The Church In The New Testament Kevin Conner Ebooking

The Church In The New Testament Kevin Conner Ebooking 4,3/5 8961 votes

The Church in the New Testament has 25 ratings and 1 review. Andy said: Incredible mind to have categorised every nuance of Church in the NT.Connor, Ke. Kevin Conner is a Pentecostal theologian who was formerly the senior minister of Waverley Christian Fellowship. The Church in the New Testament.

Don't get me wrong. I know the difference between assembly-line bleached bread and home made.

Man bleaches bread because he wants to have as much control over the product as possible. You can walk into a grocery store in Portland Maine and pick up a loaf of big-boy bread, and you will find the same exact loaf in a grocery store in Fresno, CA. Man likes to assembly-line things because he doesn't like surprises. When you walk into big-boy's manufacturing plant and look at the loafs coming down the conveyor belt, the loaf your looking at is exactly like the one before it and the one after it. This is by design. Big-boy's product is not designed for nutrition. Lagu dangdut palapa mp3 download. Its designed for consistency.

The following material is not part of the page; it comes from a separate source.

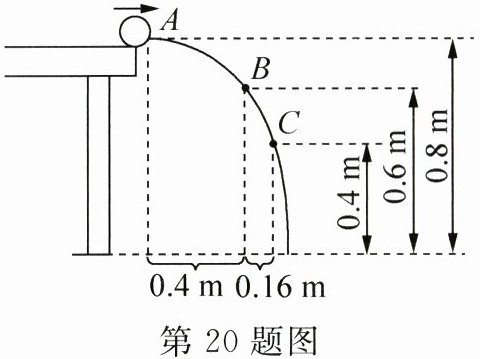 20. 一小球重2N,从水平台面上滚落到地面的过程,经过$A$、$B$、$C$三个位置,如图所示。设小球在$AB段重力做功为W_{1}$,重力的平均功率为$P_{1}$;在$BC段重力做功为W_{2}$,重力的平均功率为$P_{2}$。则$W_{1}= $____J,$P_{1}$____(选填“>”“<”或“=”)$P_{2}$。

Man has done the same thing with church. Every Sunday just about the same? The Sunday your looking at is just like last Sunday, and next Sunday will follow the same. Man designs it this way. He's not interested in nutrition. He's interested in control and consistency. Pastors come popping out of seminary assembly-lines, and so follows their churches.

Again, this is by design. Man wants his control and his consistency. So you get to eat the spiritually nutritional equivalent of cardboard. Families grow up on big-boy bread, and the taste of home made nutritious stuff is strange to them. Christians grow up 10-20-30 years on and don't realize their spiritual growth is seriously retarded.

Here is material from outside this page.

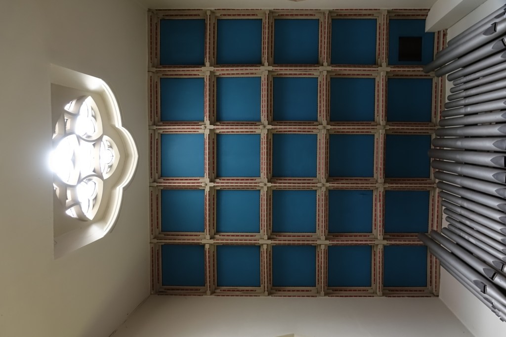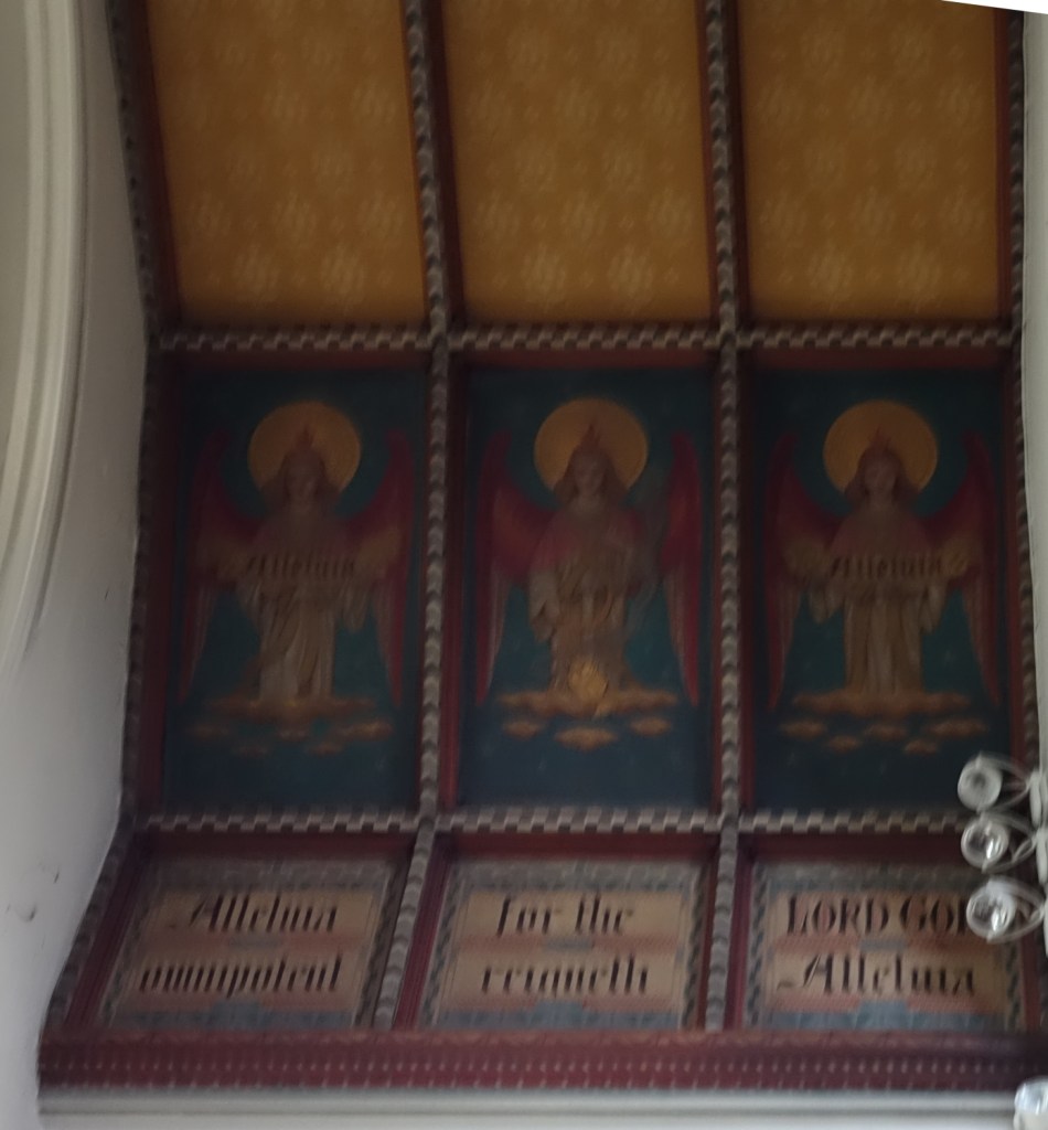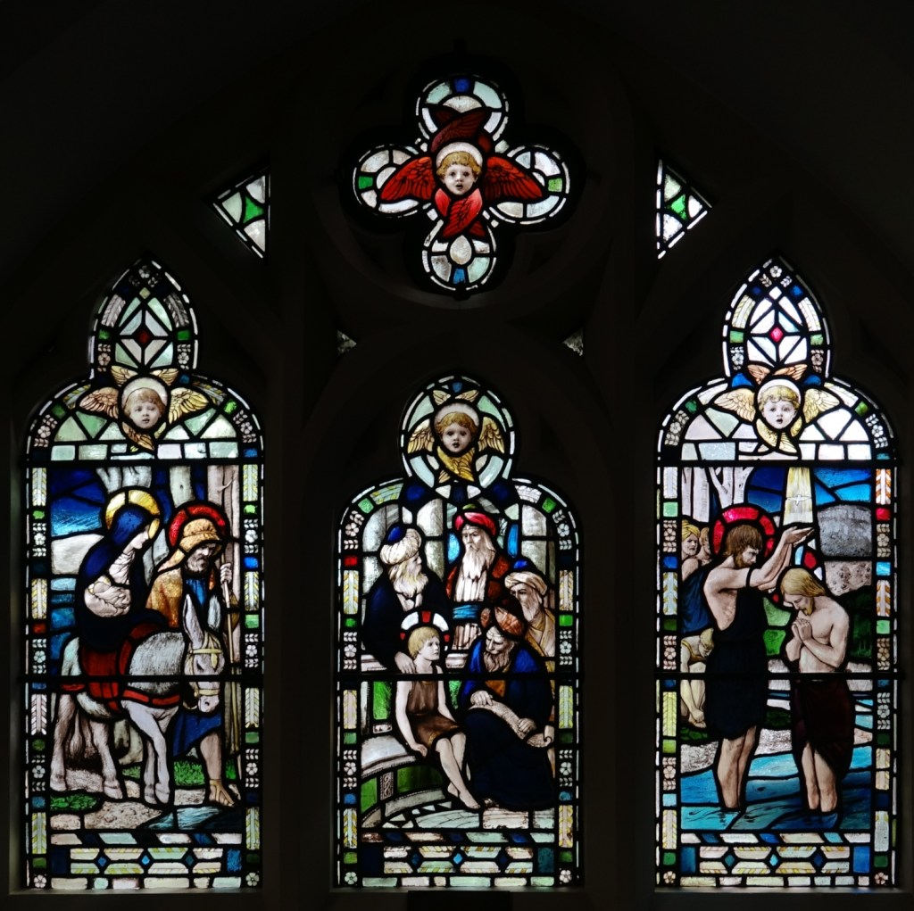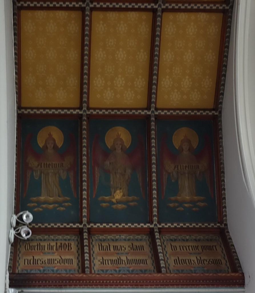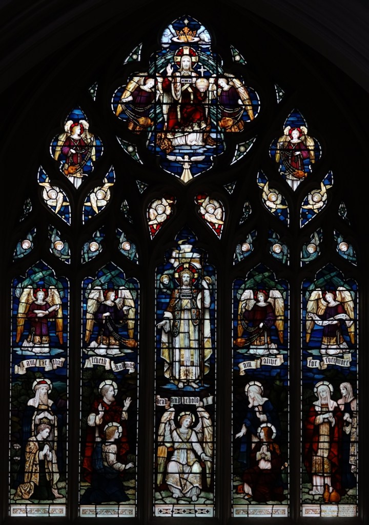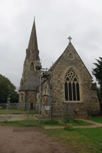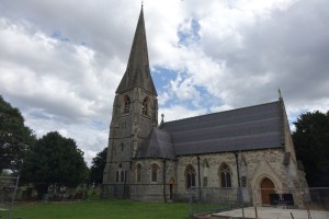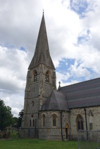 Ealing parish church but now a good mile south of the modern town centre. It is a church of 1735-40 by J. Horne but reimagined by S.S. Teulon 1866-74 in a byzantine manner. The interior is a tour de force of polychrome brickwork, painted ironwork, an elaborate roof structure and glass designed by Thomas Boddington (the treasurer of Teulon’s restoration) and made by Heaton, Butler & Bayne. The yellowish baptistery windows are by Lavers & Barraud. The interior was restored 2002-2003.

All they've had is assembly-line church with all of the nutrition bleached out of it. Getting back to the book.

The book goes back to the basics of what fellowship meetings originally were. Before church was assembly-lined. The writing is pretty basic and more just straight forward layout of the facts with no historical or scholarly meat added. Having said that, I'm very glad that books are starting to address this subject. For way too long the church has looked more like a brick house than a house of living stones. So, I hope more books are written on this subject.

The Church In The New Testament Kevin Conner Ebooking

Conner's comprehensive study of the Church and God's eternal plan for it is laid out in the Church in the New Testament. This encyclopaedic reference work is designed to give a comprehensive biblical understanding of the universal and local New Testament Church. “One of the great advantages of this book, as with others by the same author, is that it is clear, succ Kevin J. Conner's comprehensive study of the Church and God's eternal plan for it is laid out in the Church in the New Testament. This encyclopaedic reference work is designed to give a comprehensive biblical understanding of the universal and local New Testament Church. “One of the great advantages of this book, as with others by the same author, is that it is clear, succinct and well presented. There is a wealth of material poured into its pages and anybody can readily tap that wealth and use the material to develop further study for themselves.'

This book is a textbook designed to bring a clearer, richer and fuller understanding of the New Testament Church, both universally and locally. It shows that God has a pattern to which He is working. The text has several unique features about it, these dealing with The Church and The Kingdom, The Church in the Old Testament, and the Church as the New Ethnic.

The progressive revelation of the Church in the New Testament as in the Gospels, then the Acts and the Epistles is seen to be 'first the blade, then the ear, then the full corn in the ear.' Church Government is also dealt with, along with the Ascension-Gift Ministries, Elders and Deacons, The Ministry of Women in the Bible, Church Discipline, Stewardship, and the Purpose of the Church's existence, as well as other tremendous features.